I'm all for pip installable pyspark, but I'm confused about the ideal way to install the pyspark code. I'd also prefer to avoid introducing an extra variable, SPARK_VERSION. It seems to me that if we had the typical setup.py file that downloaded code from PyPi, then users would have to deal with differences in dependencies between the python version in PyPi and in their code pointed to by SPARK_HOME. Additionally, users would still need to download the spark jars or set SPARK_HOME, which means two (possibly different) versions of the python code are flying around. The fact that users have to manage the version, download spark into SPARK_HOME, and pip install pyspark doesn't seem quite right.
What do you think about this: We create a setup.py file that requires SPARK_HOME be set in the environment (requiring that the user have downloaded Spark) BEFORE the pyspark code gets installed.
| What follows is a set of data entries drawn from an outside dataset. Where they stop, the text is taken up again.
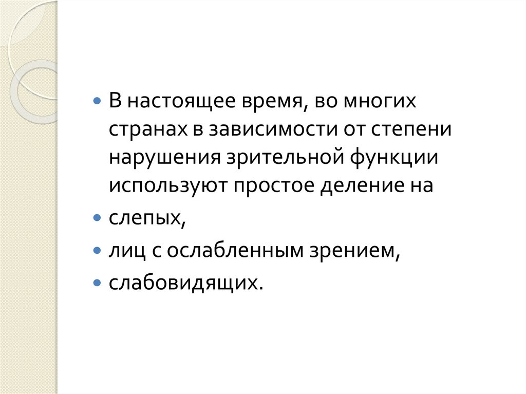 Классификация нарушениязрительной функции в зависимости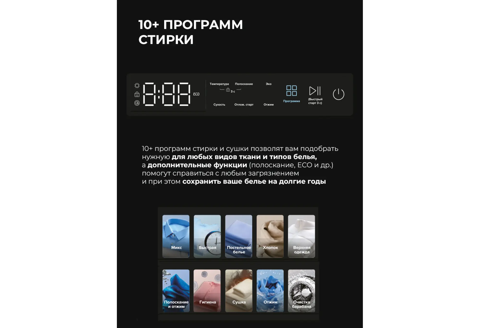 Модель LEX LWM 10612 GRID MAGNA — это отдельностоящая стирально-сушильная машина с сенсорным управлением и премиальным дизайном, доступная в сером и белом цветах.Важные преимущества:10 программ стирки: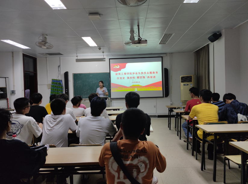 为进一步提升毕业生党员的党性修养,激励毕业生党员不忘初心砥砺前行,6月16日晚,建筑工程学院在电子楼401教室开展2021届毕业生党员“学党史 强党性 新征程 再奋进”主题教育活动。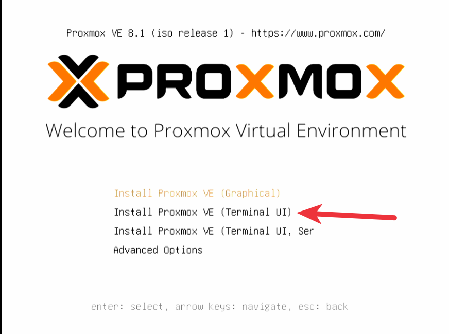 - Install Proxmox VE (Graphical) option does not display button on some displays. (Displays with non-standard resolutions for example 1366×768 have this problem). Terminal UI tends to work on all displays and resolutions, So we will choose to install using Terminal UI.
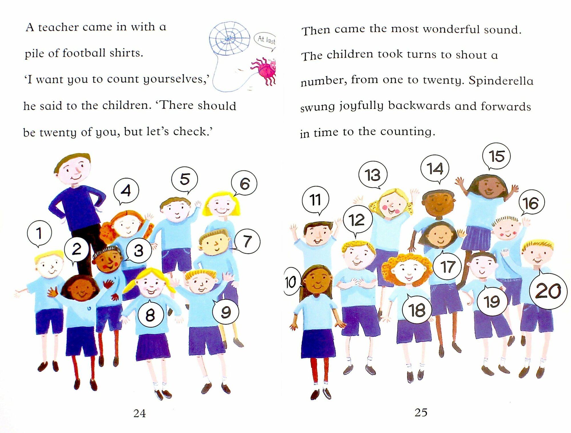 Spinderella the spider has a passion for football! She tries to play a match with her brothers and sisters but she doesn't know how many spiders should be on each team. Even worse, she can't count the goals! Luckily for Spinderella, her Hairy Godmother has a plan . . .

An additional idea we could consider: Then, when pip or a user calls pyspark, we have "python setup.py install" redirect to "python setup.py develop." This installs pyspark in "development mode" and means that the pyspark code pointed to by $SPARK_HOME/python is the source of truth. (more about development mode here: https://pythonhosted.org/setuptools/setuptools.html#development-mode). My thinking for this is that since users need to specify SPARK_HOME, we might as well keep the python library with the spark code (as it currently is) to avoid potential compatibility conflicts. As a maintainer, we also don't need to update PyPi with the latest version of pyspark. Using "develop mode" as default may be a bad idea. I also don't know how to automatically prefer "setup.py develop" over "setup.py install".
Last, and perhaps most obvious, if we create a setup.py file, we could also probably no longer include the py4j egg in the spark downloads as we'd rely on setuptools to provide the external libraries.